Comment se fait-il que le fils d’un roi (potentiel : il régnerait si le Portugal était une monarchie) désire devenir pompier ? Pour la bonne raison qu’il est sensible aux arbres et alarmé par les incendies qui font rage dans son pays. Tel est le prince Alfredo (Mauro Costa), qui veut aussi se défaire de l’emprise de ses parents, aux modes de pensée et de vie d’un autre temps.

Feu follet, João Pedro Rodrigues, 1 h 07.

Feu follet se présente comme une « fantaisie musicale » : avec beaucoup d’humour, on y chante et on y danse, l’humeur est gay et le registre peu réaliste. On y voit même un petit clin d’œil au Charme discret de la bourgeoisie, de Buñuel, avec ces scènes de repas familial dont les convives ont conscience qu’ils sont vus par nous, les spectateurs, et nous font quelques adresses.

© Politis

Le nouveau film de João Pedro Rodrigues (O Fantasma, Mourir comme un homme…) est empreint d’une formidable légèreté, servie par une élégante mise en scène. Il s’ouvre pourtant sur Alfredo agonisant, en 2069, à côté de qui joue un enfant avec un modèle réduit de camion de pompiers, avant de revenir cinquante ans plus tôt.

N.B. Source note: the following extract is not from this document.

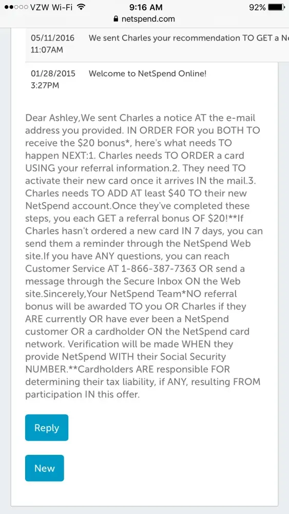 I've had my netspend account for well over 2 years now. My direct deposit from work goes into this account as well as my tax refund deposit. I recently decided to try their refer a friend program and I referred my fiance. He lost his job back in june so every little bit counts in our household. We followed all of the directions that were required in the process but we never received the referral fee. That wasn't even my main problem though. My main problem is the extreme lack of customer service I received. They told lie after lie even when I gave them the proof of everything! Whenever I asked to speak with a manager or supervisor they would say their manager/supervisor wasn't available or say "ok" and put me on hold forever! Then there were those who would lie and say "the money will be in your account in an hour or less" which never happened. There was even a guy who said "the reason why the referral fee wasn't given is because he had (Keyword) an account with us that was opened in 2012" sayint the account was not inactive, lie! He even went on to say a fake email account that my fiance never had, and it sounded ridiculous. I read policies whenever I sign up for anything and even if he had a netspend account before he had not had one within the past 180 days per netspend refer a friend policy, "no rewards credited to either party if referred individual had a netspend card that was used for a value load, purchase, cash withdrawal, or incurred a balance inquiry fee at any time during the 180 calendar days before the day the $40.00 load requirement is fully met. " however, he had never had a netspend account prior to this and if he did, why would it allow him to go through all the steps in the referral process? That's something that would be a flaw on netspend's end, not mine nor his. No one wanted to credit our accounts, they told us that an escalation takes up to 2 busniess days for a response. Some conversations, when they got tired of me or him, they would ask us for the referral code and say "we reset your referral code, you will get the money in 2 business days" another lie! We were told so many different things that it blew my mind! We would talk to one customer service rep and tell them how we were unhappy with the previous rep and they would turn around and do the exact same thing! For a customer who's been with the company for over 2 years, where's the loyalty? Where's the respect? And you expect me to refer individuals to your business when I can't even get respect as an existing customer? That to me is beyond disappointment.. I'm frustrated! I was at work calling netspend for about 4 hours straight, being put on hold, arguing, fussing with individuals that should have assisted me as best as they could! I was about to give up until I saw the metabank logo on the bottom of their website. I clicked it and called their customer service number. The woman told me to call netspend so I told her that no one was helping me and she asked me what was wrong. At this point I didn't want to fuss or argue, I was worn out and I explained everything to her. She reached out to a manager and told them what I told her. About a half hour later, I got an unknown phone call (I'm guessing because they don't want anyone to contact them) and the issue was finally resolved. I should not have to go through that. I am very upset, my fiance was even more upset for me. This took 4 hours out of my office time at work to try to get resolved, this means I have to work late... Thanks a lot netspend.. And believe me, I will share this until you put forth some type of new customer service regulations!

Au cœur de cette fantaisie musicale, il y a aussi cette question on ne peut plus sérieuse : est-il possible de sortir de la condition à laquelle on est assigné ?

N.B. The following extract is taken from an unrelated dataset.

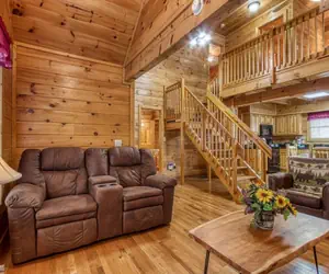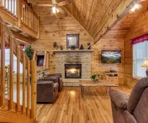 Point of View is an upscale two-level log cabin with two bedrooms, a lofted bedroom, and two bathrooms. It is located in a beautiful wooded setting in a log cabin community.

Comme souvent, le cinéaste joue avec les contrastes. Le blond au teint clair Alfredo est initié chez les pompiers par le noir de peau Afonso (André Cabral), les deux entamant une histoire d’amour. Une scène de sensualité et de sexe a lieu dans un paysage calciné. La musique électronique du groupe Ermo (sur une superbe danse collective des pompiers) côtoie une comptine pour enfants. Des hommes du feu dénudés jouent à reconstituer des tableaux de la Renaissance, un rien transformés dans leurs titres en mode porno gay, mettant au défi Alfredo, étudiant en histoire de l’art, de les reconnaître.

Réjouissante utopie

Au cœur de cette fantaisie musicale, il y a aussi cette question on ne peut plus sérieuse : est-il possible de sortir de la condition à laquelle on est assigné ? L’amour entre le racisé Afonso et le prince Alfredo a-t-il un avenir ? Alfredo peut-il sérieusement devenir pompier quand son statut de prince héritier peut, à tout moment, le rappeler pour qu’il tienne son rang ? Quelles formes prendront les projets d’Afonso, étudiant en sociologie ?

Le film donne quelques réponses à ces questions, dont le réalisme tranche avec l’esprit d’ensemble. Sauf dans la séquence finale, très réjouissante utopie bien qu’elle se déroule lors des obsèques d’Alfredo en 2069. Feu follet ? Un film décidément délicieux.